Влад начал играть соло шприцом вместо медиатора, потом бросил шприц в зал.
Без перерыва ребята начали последнюю вещь – «Небо».
В конце ее Вадим вскочил за установкой, оттолкнул стул, стоя, продолжал безумно молотить по барабанам и тарелкам. Эдик бросил свой бас на пол и ушел со сцены. Влад пнул грифом гитары ударную установку, опрокинул «том-том» и тарелку.
Десяток зрителей захлопали. Глеб подошел к краю сцены.
– Парни, я восторге! – сказал он. – Вы – российская «Нирвана»! Я ничего подобного не видел лет пять, со времен сибирского панка. Но это, конечно, было нечто совершенно другое. В вас есть мощнейший, нутряной драйв, который, в то же время, полностью отражает тот ужас, в котором мы все живем. – Он глянул на Влада. – Оставь мне телефон, я хочу сделать с тобой интервью для нового «глянца».
– У меня нет телефона, – сказал Влад. – Оля, дай ему свой рабочий. Оля – моя девушка и наш менеджер.
Потом мы сидели за столиком в углу, пили водку. На сцене играл «Праздник» – вторичный русский рок с дурацкими текстами.
Друзья музыкантов, включая девушку в голубом платье, отплясывали с неуместным удовольствием. Глеб на их выступление не остался.
Оля в черных джинсах и косухе, подошла к двери студии. Остановилась, прислушалась. За дверью звучала инструментальная фонограмма, резко оборвалась.
Оля открыла дверь, вошла в студию. За пультом сидел звукорежиссер с высокими залысинами, длинными волосами, собранными в хвост, в майке «Led Zeppelin». За стеклом у микрофона стояла Инга.
– Привет, – сказала Оля.
Звукорежиссер глянул на Олю. Оля и Инга кивнули друг другу.
– Ну как? – спросила Оля.
– Сама послушай.
Он сделал Инге знак рукой, сказал в микрофон:
– Значит, еще раз «Вкус любви», сначала.
Звукорежиссер включил фонограмму, нажал на запись. Инга запела:
Звукорежиссер остановил запись, замахал руками.
– Перерыв пятнадцать минут, – сказал он. – Отдохни, попей кофе. Там, в конце коридора кухня.
Инга вышла из комнаты за стеклом. Она была в короткой юбке, на высоких каблуках.
– В конце коридора, да?
– Да. Кофе, сахар – все там есть.
Дверь за Ингой закрылась.
Звукорежиссер демонстративно схватился за голову.
– Что, настолько плохо? – спросила Оля. – Я в попсе не слишком разбираюсь. Может, так и надо.

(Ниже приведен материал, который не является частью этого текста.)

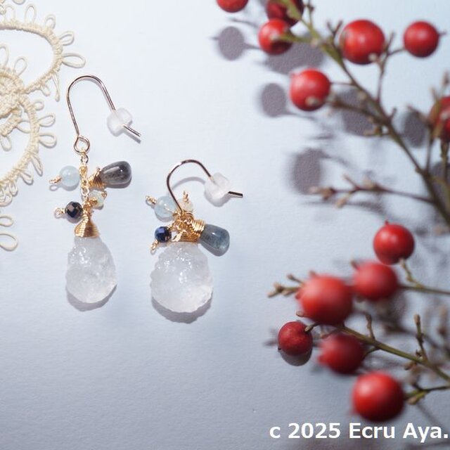 #Ecru #天然石 #イヤリング #ピアス #クリスタル #アクアマリン #プレシャスオパール #霰 #冬 #春 #Ecru_春 #Ecru_新作

– Ты что, издеваешься? Ты что, не слышишь, что она вообще не умеет петь? У нее слуха в принципе нет. Голос нормальный, пойдет, но слуха – никакого. Медведь на ухо наступил. Или кто-нибудь еще. На демо поет не она, однозначно. Так она спеть никогда в жизни бы не смогла. Я буквально по ноте что-то пытаюсь вырезать. – Звукорежиссер почесал у себя под носом. – Короче, у меня такое предложение. Давайте не заниматься херней. Я найду вокалистку, которая запишет все партии. И вам это дешевле обойдется, чем оплачивать ее такую суходрочку в студии, а потом мою суходрочку с этим материалом. Все равно ж она будет петь под «фанеру». Голос подберем максимально похожий чтобы, если там на ящик позовут или на радио, не было так заметно.
– Хорошо, я поговорю с ее продюсером и моими боссами.
Я зашел в кофейню, огляделся. Помещение было тесным: всего пять столиков. Одну стену занимала абстрактная картина в ярких цветах. В окна проникал непривычно яркий после зимы солнечный свет.
Глеб сидел за столиком в углу. Перед ним стояла белая чашка с кофе. Он помахал мне рукой. Я подошел. Мы поздоровались за руку.
– Фотограф задерживается, – сказал Глеб. – Если не успеет, потом договорится с тобой в другом месте. Окей?
Я кивнул.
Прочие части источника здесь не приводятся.